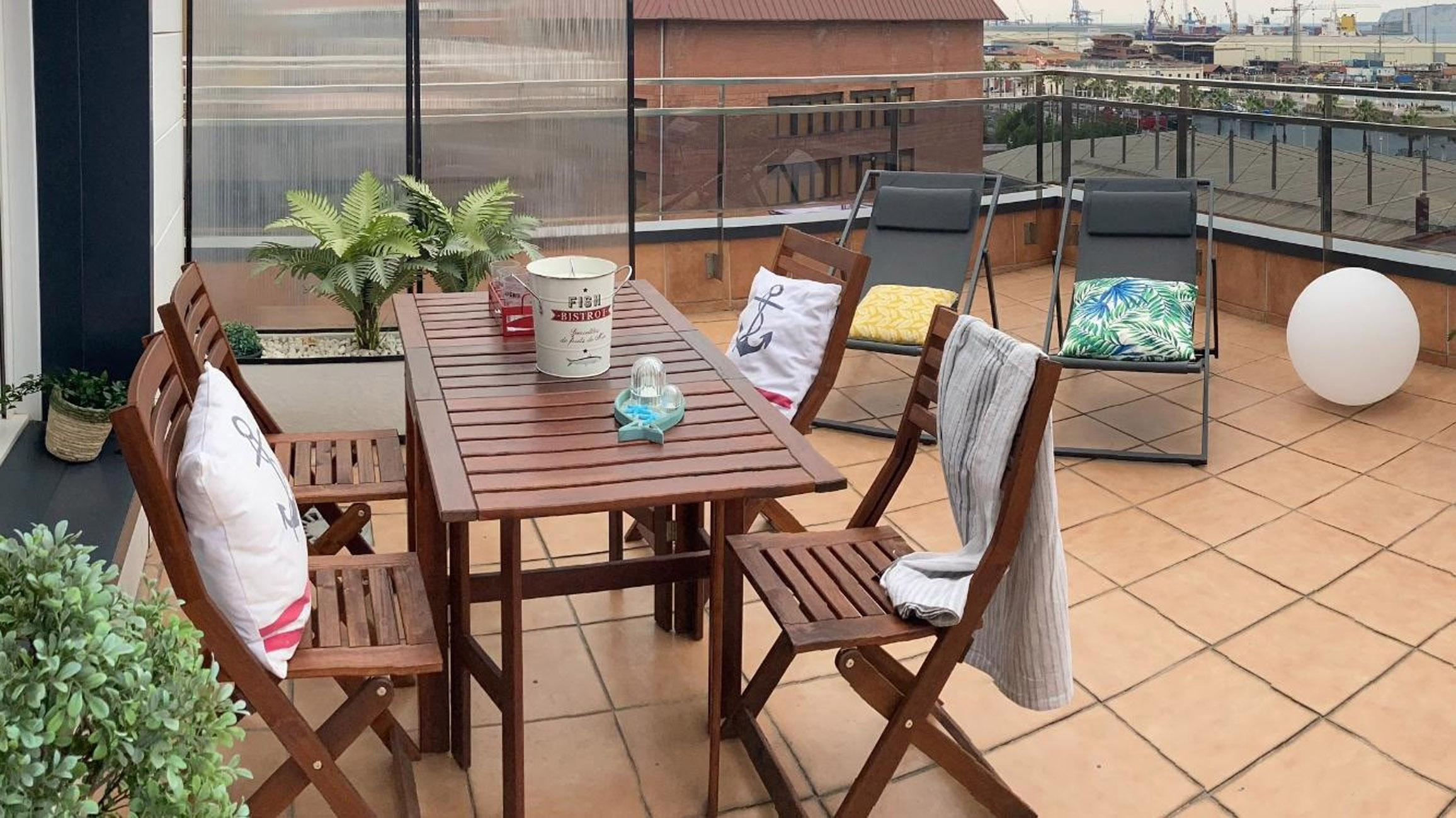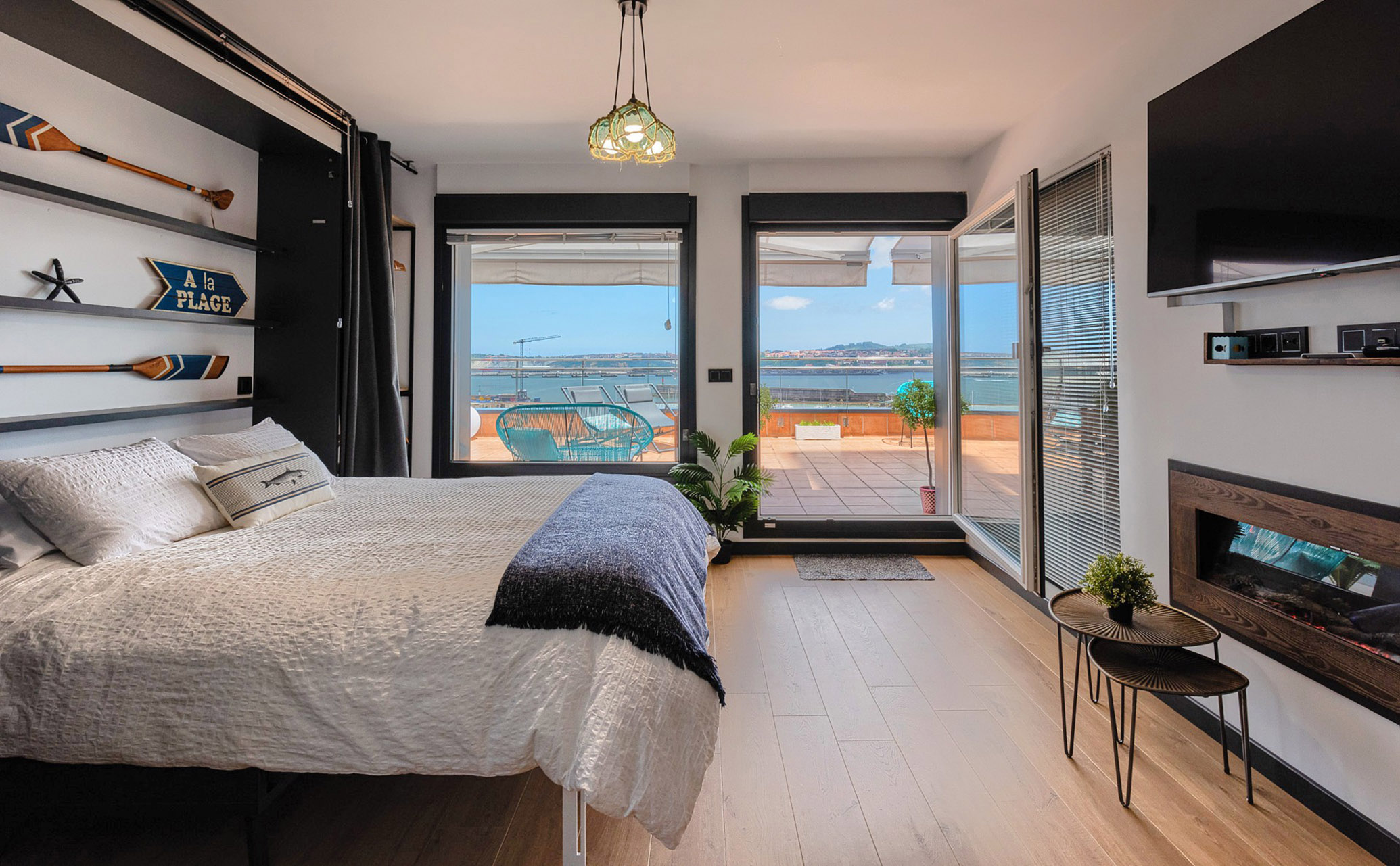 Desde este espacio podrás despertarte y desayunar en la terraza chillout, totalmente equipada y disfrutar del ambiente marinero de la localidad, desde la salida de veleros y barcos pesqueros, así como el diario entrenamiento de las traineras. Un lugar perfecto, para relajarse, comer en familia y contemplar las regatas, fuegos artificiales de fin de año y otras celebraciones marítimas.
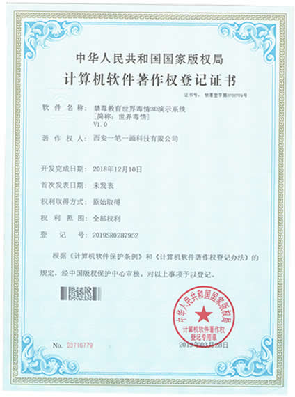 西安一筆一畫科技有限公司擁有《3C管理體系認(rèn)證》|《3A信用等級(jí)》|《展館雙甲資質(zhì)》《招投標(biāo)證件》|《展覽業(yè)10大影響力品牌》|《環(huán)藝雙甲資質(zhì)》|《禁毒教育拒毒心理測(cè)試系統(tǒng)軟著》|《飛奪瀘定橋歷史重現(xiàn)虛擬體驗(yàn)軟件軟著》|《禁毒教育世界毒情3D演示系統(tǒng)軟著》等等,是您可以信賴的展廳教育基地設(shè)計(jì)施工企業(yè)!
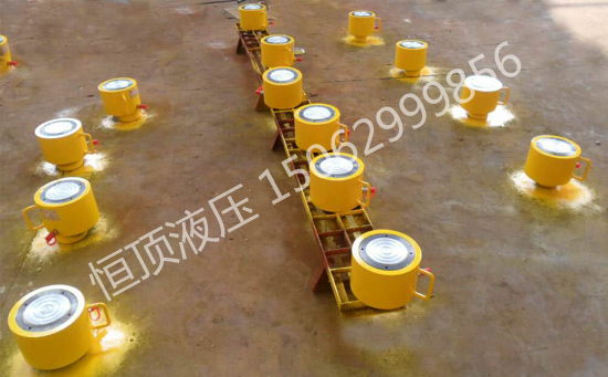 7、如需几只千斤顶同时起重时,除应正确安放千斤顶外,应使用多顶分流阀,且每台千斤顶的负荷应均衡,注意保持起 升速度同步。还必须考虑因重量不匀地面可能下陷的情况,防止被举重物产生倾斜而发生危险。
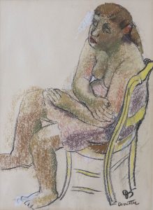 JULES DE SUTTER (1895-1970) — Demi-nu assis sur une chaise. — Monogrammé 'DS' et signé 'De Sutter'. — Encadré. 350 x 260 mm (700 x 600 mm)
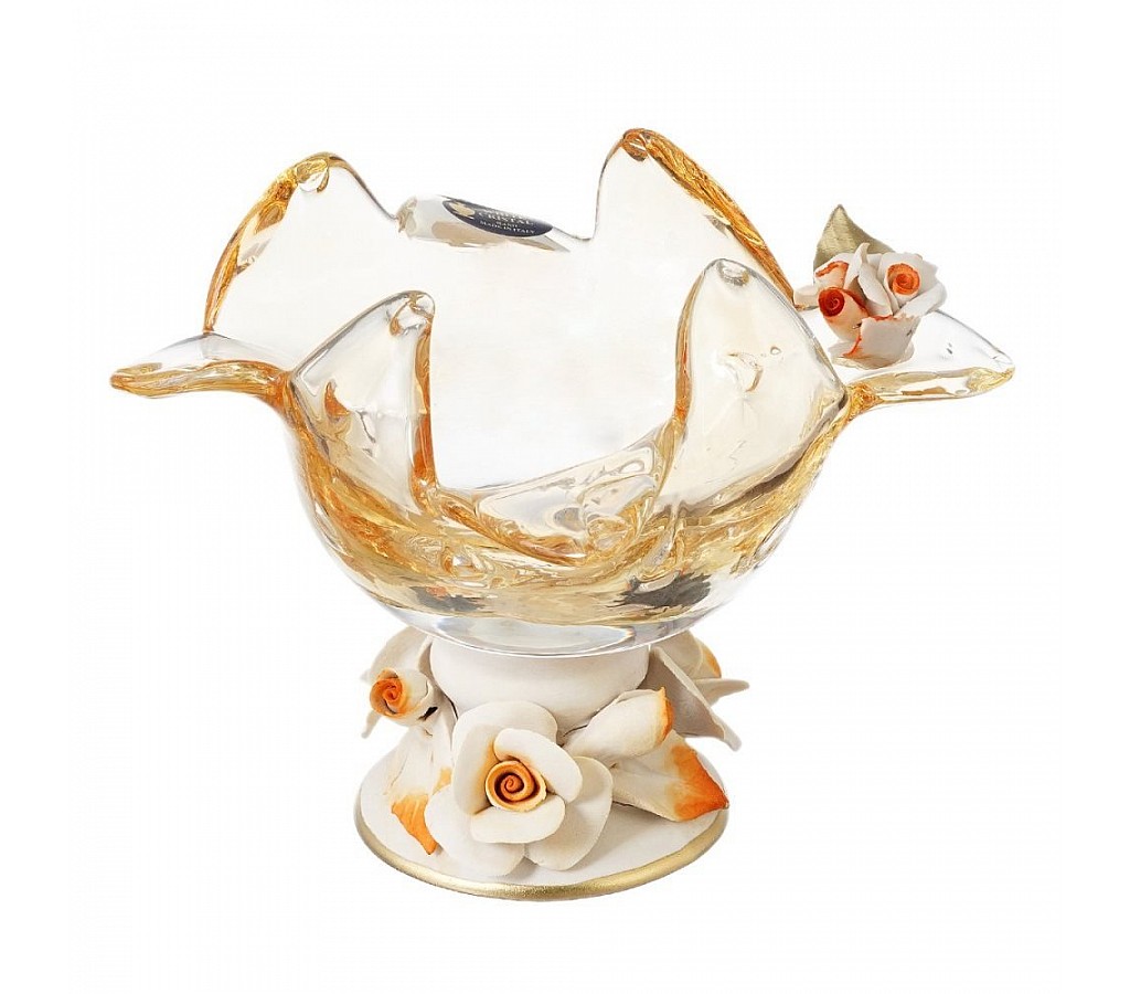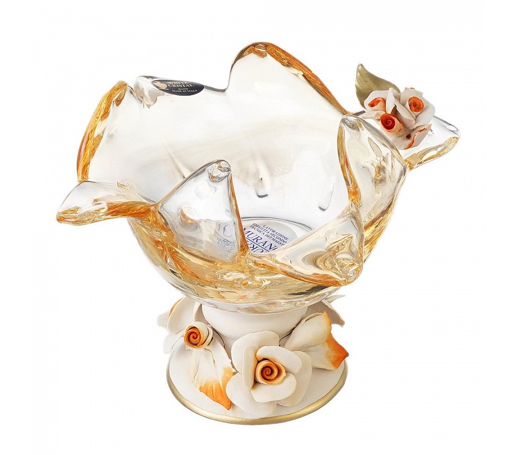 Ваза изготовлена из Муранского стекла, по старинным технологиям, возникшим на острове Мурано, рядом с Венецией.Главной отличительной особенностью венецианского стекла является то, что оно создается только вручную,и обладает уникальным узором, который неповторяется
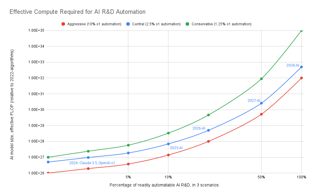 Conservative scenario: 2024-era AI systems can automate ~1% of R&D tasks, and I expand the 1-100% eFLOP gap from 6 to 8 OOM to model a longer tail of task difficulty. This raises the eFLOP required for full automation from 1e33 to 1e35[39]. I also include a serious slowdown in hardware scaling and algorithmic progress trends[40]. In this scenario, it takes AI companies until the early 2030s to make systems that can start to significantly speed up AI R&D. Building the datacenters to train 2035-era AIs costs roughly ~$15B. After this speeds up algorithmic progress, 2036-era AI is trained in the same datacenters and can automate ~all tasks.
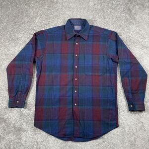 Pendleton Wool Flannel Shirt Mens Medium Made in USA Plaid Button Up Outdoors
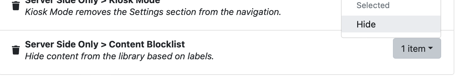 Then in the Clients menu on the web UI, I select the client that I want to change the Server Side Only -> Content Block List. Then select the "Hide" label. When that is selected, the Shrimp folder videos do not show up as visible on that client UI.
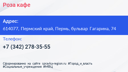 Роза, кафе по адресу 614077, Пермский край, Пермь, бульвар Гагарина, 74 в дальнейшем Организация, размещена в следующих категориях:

--

** TASK DESCRIPTION **
Only one stretch of the listing above is to be duplicated: the lines from the one containing "西安一筆一畫科技有限公司擁有" through the one containing "Conservative scenario: 2024-era", both included. Copy them exactly, minus the pictures.

** RESPONSE BELOW **
 西安一筆一畫科技有限公司擁有《3C管理體系認(rèn)證》|《3A信用等級(jí)》|《展館雙甲資質(zhì)》《招投標(biāo)證件》|《展覽業(yè)10大影響力品牌》|《環(huán)藝雙甲資質(zhì)》|《禁毒教育拒毒心理測(cè)試系統(tǒng)軟著》|《飛奪瀘定橋歷史重現(xiàn)虛擬體驗(yàn)軟件軟著》|《禁毒教育世界毒情3D演示系統(tǒng)軟著》等等,是您可以信賴的展廳教育基地設(shè)計(jì)施工企業(yè)!
 7、如需几只千斤顶同时起重时,除应正确安放千斤顶外,应使用多顶分流阀,且每台千斤顶的负荷应均衡,注意保持起 升速度同步。还必须考虑因重量不匀地面可能下陷的情况,防止被举重物产生倾斜而发生危险。
 JULES DE SUTTER (1895-1970) — Demi-nu assis sur une chaise. — Monogrammé 'DS' et signé 'De Sutter'. — Encadré. 350 x 260 mm (700 x 600 mm)
 Ваза изготовлена из Муранского стекла, по старинным технологиям, возникшим на острове Мурано, рядом с Венецией.Главной отличительной особенностью венецианского стекла является то, что оно создается только вручную,и обладает уникальным узором, который неповторяется
 Conservative scenario: 2024-era AI systems can automate ~1% of R&D tasks, and I expand the 1-100% eFLOP gap from 6 to 8 OOM to model a longer tail of task difficulty. This raises the eFLOP required for full automation from 1e33 to 1e35[39]. I also include a serious slowdown in hardware scaling and algorithmic progress trends[40]. In this scenario, it takes AI companies until the early 2030s to make systems that can start to significantly speed up AI R&D. Building the datacenters to train 2035-era AIs costs roughly ~$15B. After this speeds up algorithmic progress, 2036-era AI is trained in the same datacenters and can automate ~all tasks.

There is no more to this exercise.